==== The input ====

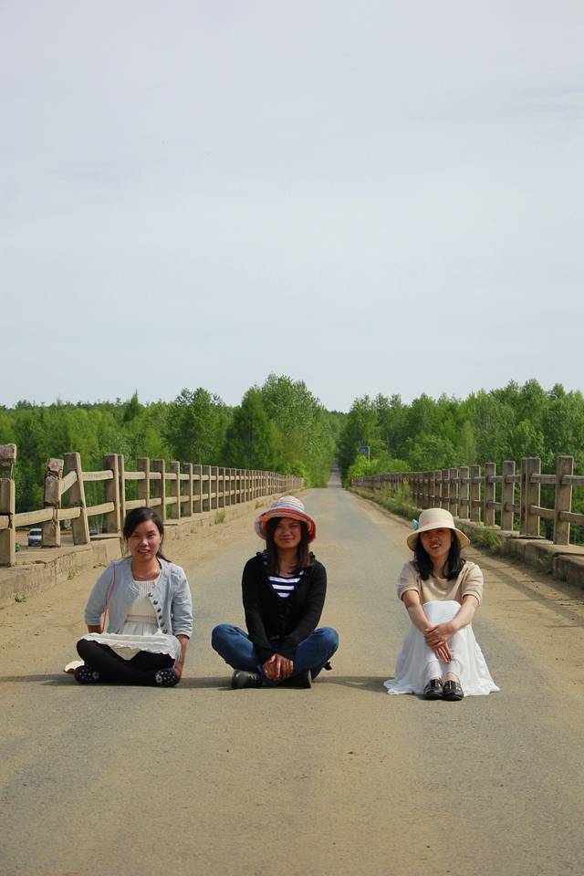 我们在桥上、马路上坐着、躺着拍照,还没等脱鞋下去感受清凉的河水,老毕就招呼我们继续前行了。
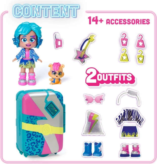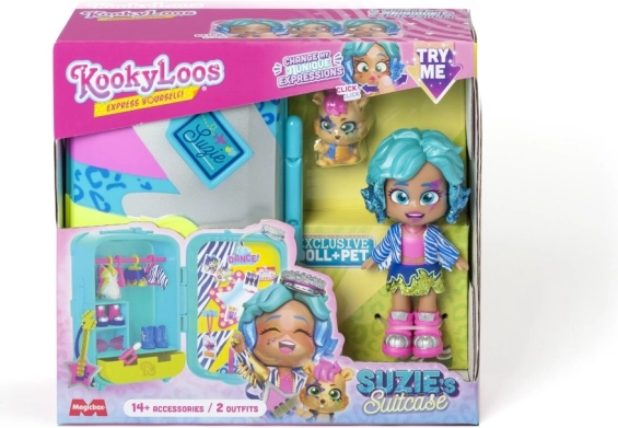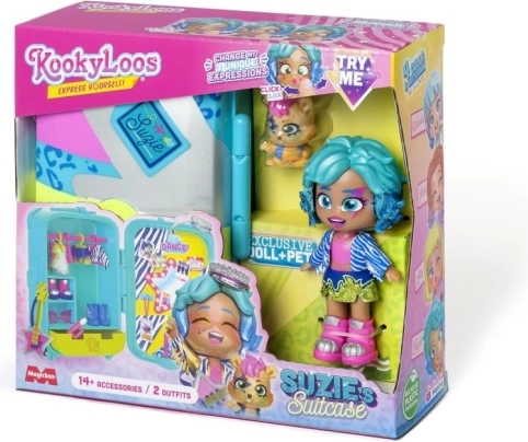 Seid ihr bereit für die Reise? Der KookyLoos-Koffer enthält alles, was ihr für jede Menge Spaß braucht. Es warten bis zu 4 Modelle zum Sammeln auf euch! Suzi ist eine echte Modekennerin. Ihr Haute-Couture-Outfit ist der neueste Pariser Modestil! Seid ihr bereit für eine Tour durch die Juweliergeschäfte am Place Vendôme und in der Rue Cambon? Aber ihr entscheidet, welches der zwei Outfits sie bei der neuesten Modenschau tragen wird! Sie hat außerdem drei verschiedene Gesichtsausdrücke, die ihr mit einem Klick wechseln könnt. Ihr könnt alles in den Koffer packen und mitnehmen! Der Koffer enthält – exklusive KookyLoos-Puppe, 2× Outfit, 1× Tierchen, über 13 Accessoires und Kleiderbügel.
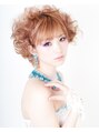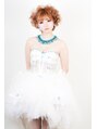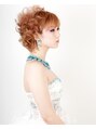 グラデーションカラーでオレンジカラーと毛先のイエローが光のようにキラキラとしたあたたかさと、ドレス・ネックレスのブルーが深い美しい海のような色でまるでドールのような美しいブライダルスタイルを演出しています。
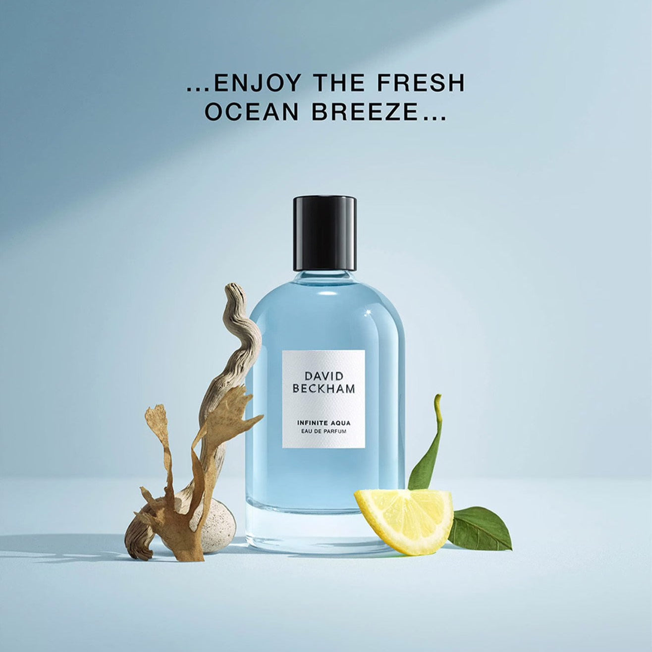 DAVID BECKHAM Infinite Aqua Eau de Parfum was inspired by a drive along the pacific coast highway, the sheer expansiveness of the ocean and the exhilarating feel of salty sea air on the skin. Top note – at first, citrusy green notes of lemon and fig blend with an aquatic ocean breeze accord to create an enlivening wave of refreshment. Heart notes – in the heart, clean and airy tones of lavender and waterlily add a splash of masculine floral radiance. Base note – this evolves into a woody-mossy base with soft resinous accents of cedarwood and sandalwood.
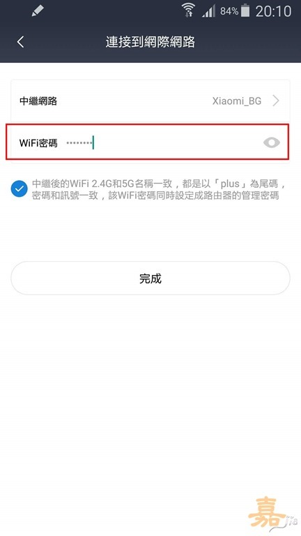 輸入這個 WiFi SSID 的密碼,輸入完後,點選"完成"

====

▸ **Task description**
Output all the data, exactly, without images.

▸ **Solution to this exercise**
 我们在桥上、马路上坐着、躺着拍照,还没等脱鞋下去感受清凉的河水,老毕就招呼我们继续前行了。
 Seid ihr bereit für die Reise? Der KookyLoos-Koffer enthält alles, was ihr für jede Menge Spaß braucht. Es warten bis zu 4 Modelle zum Sammeln auf euch! Suzi ist eine echte Modekennerin. Ihr Haute-Couture-Outfit ist der neueste Pariser Modestil! Seid ihr bereit für eine Tour durch die Juweliergeschäfte am Place Vendôme und in der Rue Cambon? Aber ihr entscheidet, welches der zwei Outfits sie bei der neuesten Modenschau tragen wird! Sie hat außerdem drei verschiedene Gesichtsausdrücke, die ihr mit einem Klick wechseln könnt. Ihr könnt alles in den Koffer packen und mitnehmen! Der Koffer enthält – exklusive KookyLoos-Puppe, 2× Outfit, 1× Tierchen, über 13 Accessoires und Kleiderbügel.
 グラデーションカラーでオレンジカラーと毛先のイエローが光のようにキラキラとしたあたたかさと、ドレス・ネックレスのブルーが深い美しい海のような色でまるでドールのような美しいブライダルスタイルを演出しています。
 DAVID BECKHAM Infinite Aqua Eau de Parfum was inspired by a drive along the pacific coast highway, the sheer expansiveness of the ocean and the exhilarating feel of salty sea air on the skin. Top note – at first, citrusy green notes of lemon and fig blend with an aquatic ocean breeze accord to create an enlivening wave of refreshment. Heart notes – in the heart, clean and airy tones of lavender and waterlily add a splash of masculine floral radiance. Base note – this evolves into a woody-mossy base with soft resinous accents of cedarwood and sandalwood.
 輸入這個 WiFi SSID 的密碼,輸入完後,點選"完成"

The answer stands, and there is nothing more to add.